Ella podría, por ejemplo, haber pedido a toda la clase que dibujara casas para que pudieran valorar la habilidad de su compañero, haber planteado una charla en el aula sobre cómo se sienten ante niños que "son diferentes", llevar al aula a un hombre que ha destacado en la pintura o en alguna actividad similar y que de niño fue ridiculizado por sus compañeros para que cuente su experiencia, etc.
  • En la clase de música de un grupo de Secundaria, una de las chicas está más desarrollada físicamente que las demás. Cada vez que ella toca un instrumento, algunos de los chicos hacen comentarios sobre las medidas de su cuerpo. El día del examen final, la profesora decidió separarla del resto de la clase para que pudiera estar tranquila.
Esta profesora situó el problema en el cuerpo de la chica o quizás también en las hormonas de los chicos, como si se tratara de algo inevitable. De este modo, dejó las cosas como estaban. Sin embargo, el problema estaba en realidad en otro sitio: en la conducta invasiva de los chicos.
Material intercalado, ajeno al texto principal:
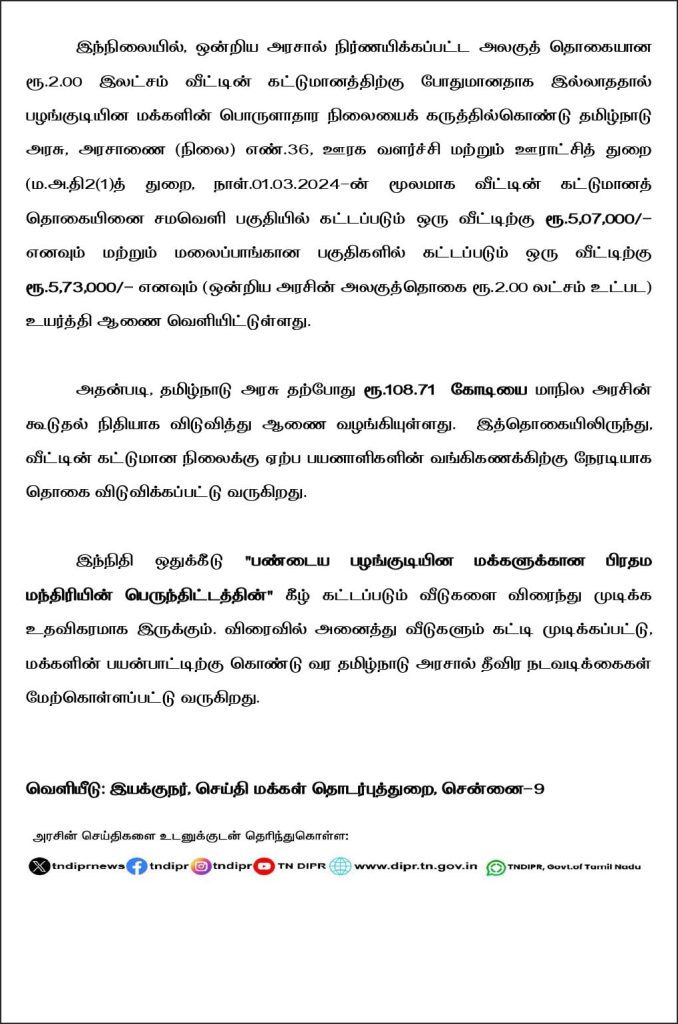 இந்த நிலையில், மத்திய அரசால் நிர்ணயிக்கப்பட்ட அலகுத் தொகையான ரூ.2.00 இலட்சம் வீட்டின் கட்டுமானத்திற்கு போதுமானதாக இல்லாததால் பழங்குடியின மக்களின் பொருளாதார நிலையைக் கருத்தில்கொண்டு தமிழ்நாடு அரசு, அரசாணை (நிலை) எண்.36, ஊரக வளர்ச்சி மற்றும் ஊராட்சித் துறை (ம.அ.தி2(1)த் துறை, நாள்.01.03.2024-ன் மூலமாக வீட்டின் கட்டுமானத் தொகையினை சமவெளி பகுதியில் கட்டப்படும் ஒரு வீட்டிற்கு ரூ.5,07,000/- எனவும் மற்றும் மலைப்பாங்கான பகுதிகளில் கட்டப்படும் ஒரு வீட்டிற்கு ரூ.5,73,000/- எனவும் (ஒன்றிய அரசின் அலகுத்தொகை ரூ.2.00 லட்சம் உட்பட) உயர்த்தி ஆணை வெளியிட்டுள்ளது.

Está clara, por tanto, la necesidad de que las profesoras y los profesores sepan ver y nombrar la violencia allí donde se da, en vez de actuar como si en realidad se tratara de otra cosa. Ahora bien, es importante también visibilizar estas situaciones sin violentar. Por ejemplo, en la última situación relatada esto significa:
  • Responsabilizar a estos chicos de su conducta, hacerles entender el alcance de la misma y no permitir que actúen de este modo.
  • Trabajar en el aula la raíz que alimenta este tipo de conductas para dejarlas sin sentido. Por ejemplo: haciéndoles ver que ese mito que dice que los hombres no pueden contenerse ante el embrujo del cuerpo de una mujer, les presentan como seres pocos libres, incapaces de decidir por sí mismos como quieren actuar.
  • Ayudar a que la chica (y las demás chicas también) se sienta a gusto en su propia piel, sin sentirse culpable por tener el cuerpo que tiene.

Ahora bien, nada de esto significa crear una guerra de chicas contra chicos, sino simplemente poner las cosas en su sitio y dar una oportunidad, para que tanto unos como otras aprendan a desterrar la violencia de sus vidas.

Visibilizar la violencia para poder rechazarla, significa también, para cada maestra y maestro, reconocer cómo la lógica de la violencia forma parte de su propia vida. Reconocer no es culpabilizarse ni fustigarse, es simplemente atreverse a decir la verdad e intentar entender qué pasa y cómo pesa la  tradición patriarcal en cada vida, para, desde ahí, poder responsabilizarnos realmente de una tarea que realmente prevenga la violencia; también la propia violencia.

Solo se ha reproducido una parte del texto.